David Crosby and Gordon Lightfoot each nudged pop music into different sensibilities. Those accomplishments are enough to allow their names and recordings to exist for a long time. For each, the music they made in their prime will remain what most people hear and revisit. Aficionados will continue to explore the entire catalogs, sifting, sorting, rummaging through everything including the unreleased leftovers. But live performances, which can only be partially experienced through a live recording, a concert album or a film, can no longer be shared with these musicians.
Seeing Crosby for the first time, I was one of 40,000 people at the Crosby, Stills, Nash and Young concert at Atlantic City Race Course in Mays Landing, New Jersey in 1974, and I can still vividly recall the beauty and precision of his, Nash’s and Young’s harmonies on “Only Love Can Break Your Heart” and “Sugar Mountain.” I can remember the silence of the crowd, as if each attendee was holding his/her breath while the vocalists onstage worked their magic, casting their spells with each chorus’s three-part harmony. And I can recollect the applause, the cheers and the appreciation that swelled from the audience after each a cappella conclusion.
The next time I saw Crosby live was at the Bijou Café in Philadelphia on April 25, 1981with 275 other people. We didn’t know at the time about his addiction issues but, looking back now, playing small clubs like this mostly solo (he was joined by an electric guitarist for the last several songs) was a quick paycheck.
On this occasion, he was not the talkative, jovial performer of 1974. He was clearly nervous during the first few songs until someone from the audience offered some verbal support, which he gratefully acknowledged. Despite his problems, he was in fine voice, offering some of the jazz inflections that had often flavored his songs with the Byrds, CSNY and his solo albums, particularly his first, If I Could Only Remember My Name. And he even accompanied himself on an old upright piano, standing and vocalizing, still casting those spells.

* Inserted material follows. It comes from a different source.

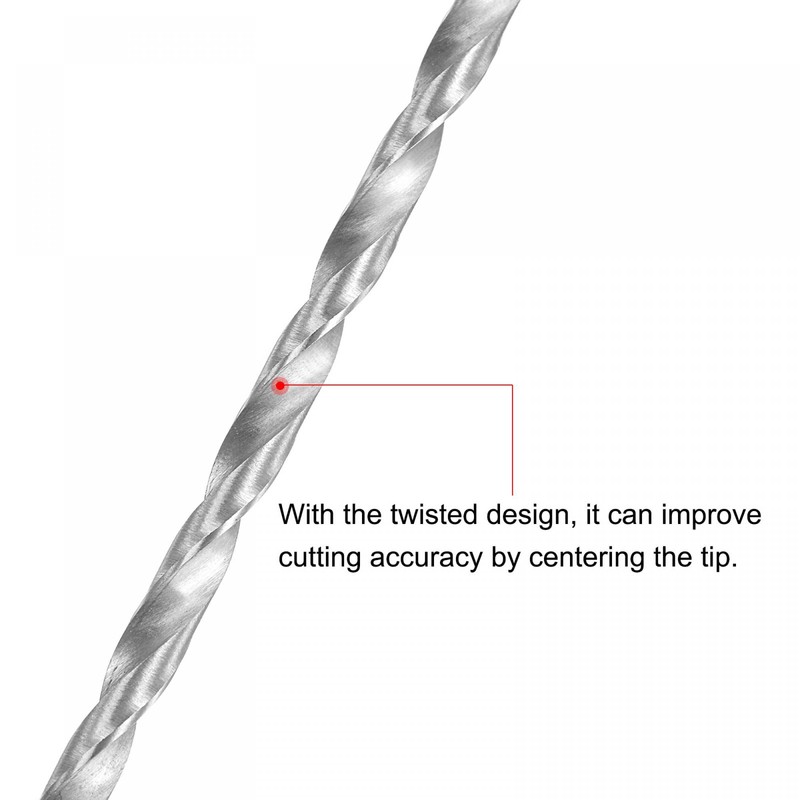 • [Twisted Design]- With the twisted design, it can improve cutting accuracy by centering the tip. It can avoid displacement of the drill bit during work, and at the same time remove debris and particles faster and easier.

As for Lightfoot, his pop balladry captured the attention of many by the early 1970s. A blend of folk and contemporary, his material could be called “working class poetic,” filled with characters, situations and events culled from real life and the average person. His 1976 appearance at Philadelphia’s Academy of Music was a celebration of his catalog that relished the old as much as the new, with a full band that included drums and a pedal steel player to provide the perfect backing for them.
It wasn’t until the early 2000s that I saw Lightfoot in concert again, at the Broadway Theater in Pitman, New Jersey when the venue was booking national acts for a brief period. He was still sporting a large backing band, but the vigor and grandeur of his vocals by then had diminished. The early songs, though, still carried with them the youth and exuberance of when they were first written and recorded, and that’s not easy after decades of travel and performance.
Ultimately, even writing about attending live performances by musicians like Crosby and Lightfoot are approximations, mere attempts to convey with words the experience of being there, of seeing and hearing what was presented and of processing what that means. The experiences themselves ended decades ago but, like the artist, they’re alive in what we continue to remember of them.